Il problema della gestione delle REMS

Il dibattito riguardo la complessità nella gestione degli accessi alle REMS non è nuovo. Già con la sentenza n. 22 del 2022 della Corte Costituzionale, sebbene con scarso interesse mediatico, erano già state messe in luce carenze e problematiche nella gestione delle misure di sicurezza per persone con patologie psichiatriche gravi.
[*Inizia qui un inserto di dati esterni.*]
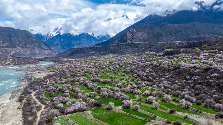百里桃林沐雪盛放,粉霞漫卷河谷山川,远瞰犹如精心雕琢却又恣意铺展的粉彩画卷。在喜马拉雅山脉的褶皱里,这股“温柔”而向上的“野性”,昭示着西藏最早的春天已经到来。
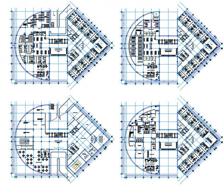Hospital plan dwg file, centre line plan detail, dimension detail, furniture detail in door, window, table, chair and cub board detail, cut out detail, parking detail, etc.
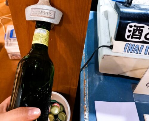 「ここで自分で栓抜き出来るんですけど、やってみます?」
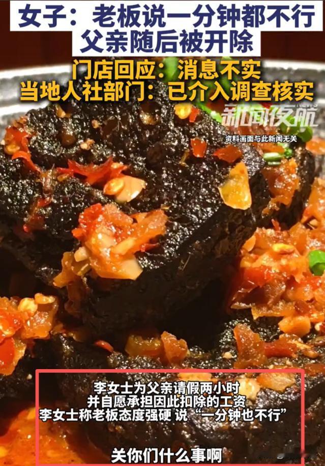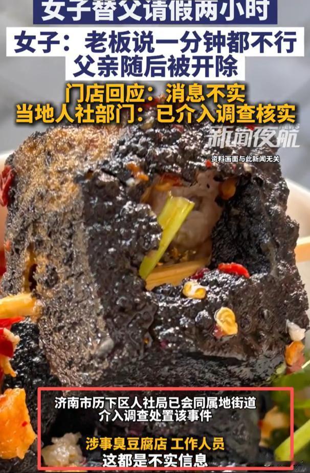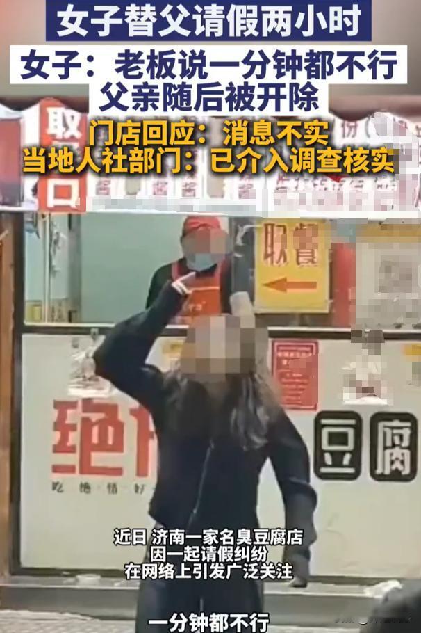 山东济南,李女士要回杭州上班,临走前想陪在臭豆腐店当炸锅师傅的父亲吃顿饭。父亲春节忙得脚不沾地,只休息一天。李女士为不耽误店里生意,打算11点后给父亲请2小时假,还表示工资照扣,吃完饭父亲可马上回店。可老板不仅不批假,还放话请假就开除。父亲是老员工,就因这被无情开除。李女士气不过找老板理论,店员说法不一,视频传网上大家为老人抱不平。目前当地有关部门介入,臭豆腐店正常营业,负责人称会发布情况说明。 27日,记者特意去了这家臭豆腐店。 店没关,还在正常营业,来往的人不算少,跟没事人一样。 记者找到负责人,对方一脸无奈,说这段时间总有人打电话骂他。 还反复强调,一周内会发布情况说明,解释清楚这件事。 可谁等得起这个说明,李女士已经买好了回杭州的票,就想临走前,跟父亲吃顿热乎饭。 她父亲在这家店做炸锅师傅好几年了,算是老员工,平时干活踏实,从不偷懒。 今年春节,别人都忙着团圆走亲访友,他连喘口气的时间都没有。 整个春节,他就休息了一天。 每天天不亮就到店里,守着那口滚烫的油锅,从早炸到晚,翻炸、控油、打包,手上全是油星子,忙得连喝口水的功夫都没有。 李女士看在眼里,疼在心里。 她知道父亲老实,不会主动请假,也怕给老板添麻烦。 所以她特意选了晚上11点后,街上人少了,店里也不忙了,才敢跟老板提请假的事。 她甚至主动说,就请2小时,工资照扣,绝不耽误店里生意,吃完饭父亲立马回店接着干活。 换谁看,这都够懂事了吧。 可老板的态度,冷得像冰。 一句一分钟都不行,直接撂下狠话,请假就开除。 老人一听就慌了,他上有老下有小,全靠这份工作养家,不敢丢。 可他也想陪女儿吃顿饭,这一分开,又得好几个月才能见面。 没等老人犹豫,老板就直接说,你要是非要请,现在就可以走了,不用再来了。 就因为这2小时的假,一个老员工,说被开除就被开除了。 李女士得知消息,立马赶到店里找老板理论。 她想问问老板,凭什么这么绝情,凭什么一个老员工的合理请求,都得不到一点体谅。 可店里的店员,说法乱得很。 有的说,老板那天心情不好,说话太急了。 有的说,店里确实忙,离不开人。还有的干脆说,不知道这件事,别问他。 李女士随手拍了视频,发到了网上。 没想到,视频一火,网友们的评论热闹了。 大家都在替老人抱不平,说老板太不近人情,连员工陪女儿吃顿饭的机会都不给。 也有人说,老员工兢兢业业干了这么久,就因为一次合理请假被开除,太寒心了。 还有人疑问,老板这么随便开除员工,合法吗?员工请假,老板就有权直接开除吗? 老板的这种做法,到底合不合法?老员工被无故开除,就只能认栽吗? 依据《劳动合同法》第39条明确规定,劳动者严重违反用人单位的规章制度的,用人单位可以解除劳动合同。 注意,是严重违反规章制度,才有权开除。 老人只是请求请假2小时,还主动提出工资照扣,既没有违反店里的规章制度,也没有给店里造成任何损失,根本达不到严重违反的程度。 《劳动合同法》第4条,用人单位制定的规章制度,必须经职工代表大会或者全体职工讨论,和工会或者职工代表协商确定,还要公示或者告知劳动者,才算合法有效。 就算这家臭豆腐店有“不准请假”的规定,要是没经过以上流程,没告知过老人,这个规定就是无效的,老板不能凭这个开除老人。 另外,春节期间,老人只休息一天,还得加班干活. 根据《劳动法》第44条,休息日安排劳动者工作,又不能安排补休的,要支付不低于工资200%的报酬;法定休假日安排工作的,支付不低于工资300%的报酬。 老人春节期间加班,老板要是没支付相应的加班费,本身就违反了劳动法。 现在还因为合理请假开除老人,更是错上加错。 老人作为老员工,被无故开除,完全可以向劳动仲裁部门申请仲裁,要求老板继续履行劳动合同,或者支付赔偿金。 赔偿金的标准,是每工作一年支付两个月工资,老人干了好几年,能拿到一笔不少的赔偿金,胜诉的概率很大。 老板以“请假”为由,随意开除老员工。 显然,老板的做法既不合情,也不合法。 老员工兢兢业业付出,春节放弃团圆坚守岗位,只是想陪女儿吃顿饭,这样的请求,本该被体谅,却换来被开除的结局,实在让人寒心。 目前当地有关部门已经介入,臭豆腐店还在正常营业,负责人承诺的情况说明,至今还没发布。 老板应该主动道歉,恢复老人的工作,支付相应的加班费和赔偿金,毕竟是自己理亏。 不知道大家怎么看?老板的做法真的合理吗?
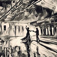 Onderdeel van een vierluik. Dit stoere werk is gemaakt in beige tint met donkergrijs tot zwart. Het werk is abstract van aard. Het thema van het vierluik is "dansen in de fabriek" Als je goed kijkt zie je de vakwerkliggers in de plafond constructie. Dit dansende stel heeft alle ruimte in deze stoere verlaten fabriekshal.
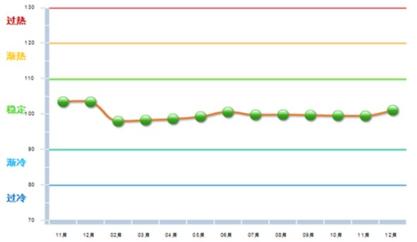 图1 2012.11—2013.12自行车行业产值景气指数变化态势
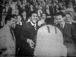 At the level of celebrities many popular singers chaâbi encourage USMAlger, most notably El Hadj M'Hamed El Anka The Grand Master of Andalusian classical music and Algerian chaâbi music was one of the biggest fans of the club, also helping the club through his revenues from concerts.[34] Singers chaâbi, El Hachemi Guerouabi, was a famous supporter of the USM Alger and used to come many times to the stadium to watch his favorite team. also dedicated one of his songs to USMA.[34] There are many popular chaâbi singers who support the club, such as Abdelkader Chaou and Mourad Djaafri who presented many songs for USMA. At the level of politicians, the most prominent fan was the first President of Algeria, Ahmed Ben Bella, who was a former player during the French colonialism. Where was a player in Olympique de Marseille, Ben Bella attended the first championship final in Algeria and the winner was USM Alger where handed him the championship cup, after the coup against him and placed him under house arrest by Houari Boumediene. Ben Bella was always asking about USM Alger, Ben Bella was the honorary president of the club until his death in 2012.[35]

Disputa centrale è quella che riguarda il soggetto amministrativo che dovrebbe essere deputato alla gestione delle REMS: infatti, sebbene l’art. 110 della Costituzione affidi al Ministro della Giustizia l’organizzazione e il funzionamento dei servizi relativi all’ambito giuridico, la REMS fanno capo, invece, al sistema sanitario.

Questo dibattito non ha rilevanza solo dal punto di vista amministrativo o legislativo, ma ha ripercussioni molto più capillari e pragmatiche che determinano la disponibilità di fondi e strutture che, a loro volta, incidono sulla qualità del servizio e sulle possibilità di accesso allo stesso. Carenze, queste, esemplificate dagli esiti della istruttoria intrapresa con l’ordinanza n. 131 del 24 giugno 2021 dalla quale è emerso che la lista di attesa per l’accesso alle REMS comprende tra le 670 e le 750 persone; cifra, questa, pari al numero di individui già attualmente ospitati, preso le medesime strutture presenti su tutto il territorio italiano.

Le REMS non sono una soluzione preventiva

Sebbene ci siano, quindi, degli evidenti problemi gestionali e legislativi, aumentare il numero di posti non è la soluzione per evitare che deprecabili eventi come l’omicidio della dott.ssa Capovani si ripetano.

Come è stato infatti sottolineato, le REMS entrano in scena solo dopo che la persona ha commesso un reato: non hanno uno scopo di prevenzione primaria. Sarebbe invece auspicabile un potenziamento dei servizi territoriali di cura permettendo una migliore presa in carico delle persone che soffrono di disturbi mentali.

Questo richiede però il superamento di una cultura psichiatrica, dettata anche da una penuria di risorse umane ed economiche, che si sta arroccando sempre più su un concetto di cura burocratizzato e farmacologico tale per cui molti pazienti si rapportano al centro di salute mentale solo in occasione dell’assunzione di farmaci long acting una volta al mese. Perciò, “l’internamento preventivo” significherebbe solo togliere dalla vista della società persone che, afflitte da un disagio psichico, sono spesso già in una situazione di emarginazione e isolamento. Al contrario, potenziare i servizi territoriali che si occupano di salute mentale è l’unica vera strada percorribile per garantire la cura e realizzare una efficace prevenzione del rischio.